Here’s another example. Recall that ++ concatenates two lists:

> [1, 2] ++ [6, 8, 6]
[1,2,6,8,6]

Here’s its type:

> :type (++)
(++) :: [a] -> [a] -> [a]

The type [a] -> [a] -> [a] is equivalent to [a] -> ([a] -> [a]), and so if we were to pass ++ a single input, it would return a value of type [a] -> [a], i.e. a function that takes any list of a values and returns another list of a values.

++ is an infix operator, which means that it is normally put between its inputs.
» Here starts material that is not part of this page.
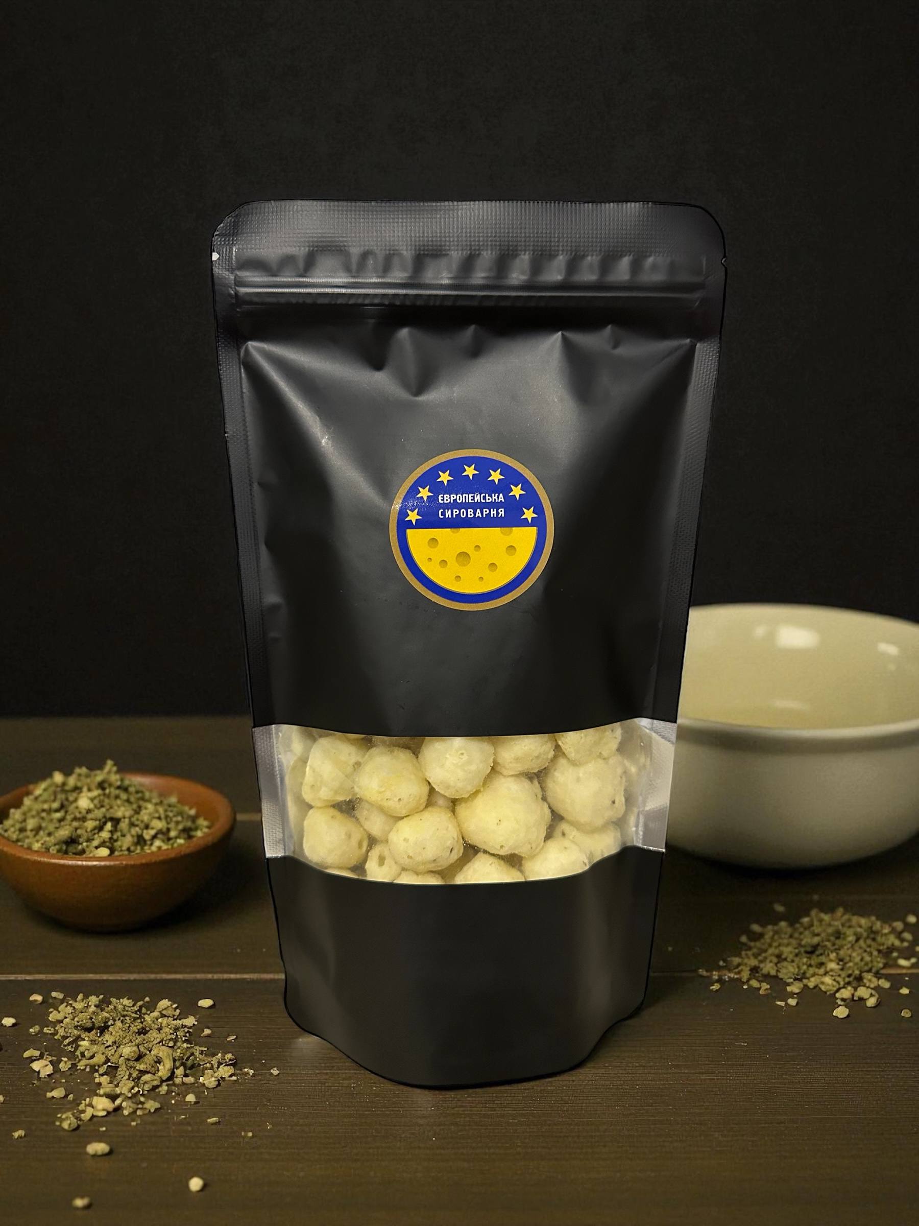 Витончено хрусткі кульки з нашого сиру, сповнені аромату базиліку, орегано та розмарину. Легкі, запашні, з ніжним сирним післясмаком. Ідеально пасують до келиха білого чи рожевого вина, створюючи атмосферу легкості та справжнього прованського задоволення.

Alternatively, you can use ++ (and many other infix operators) in prefix style by putting brackets around it:

> (++) "ab" "cd"
"abcd"

So we could write this function, which adds “- ” to the start of a string:

> dash = (++) "- "

For instance:

> dash "apples"
"- apples"

> map dash ["apples", "oranges", "grapes"]
["- apples","- oranges","- grapes"]

Or you could use currying to defined this function:

> dashed = map dash

Then:

> dashed ["apples", "oranges", "grapes"]
["- apples","- oranges","- grapes"]

Look carefully at the definition of dashed: it’s a function that was defined without using any if-statements, loops, recursion, variables, or lambda. This kind of function definition is generally looked upon as a good thing in Haskell. It is short, easy to understand (once you get used to Haskell at least!), consists of previously made functions, and is type-checked.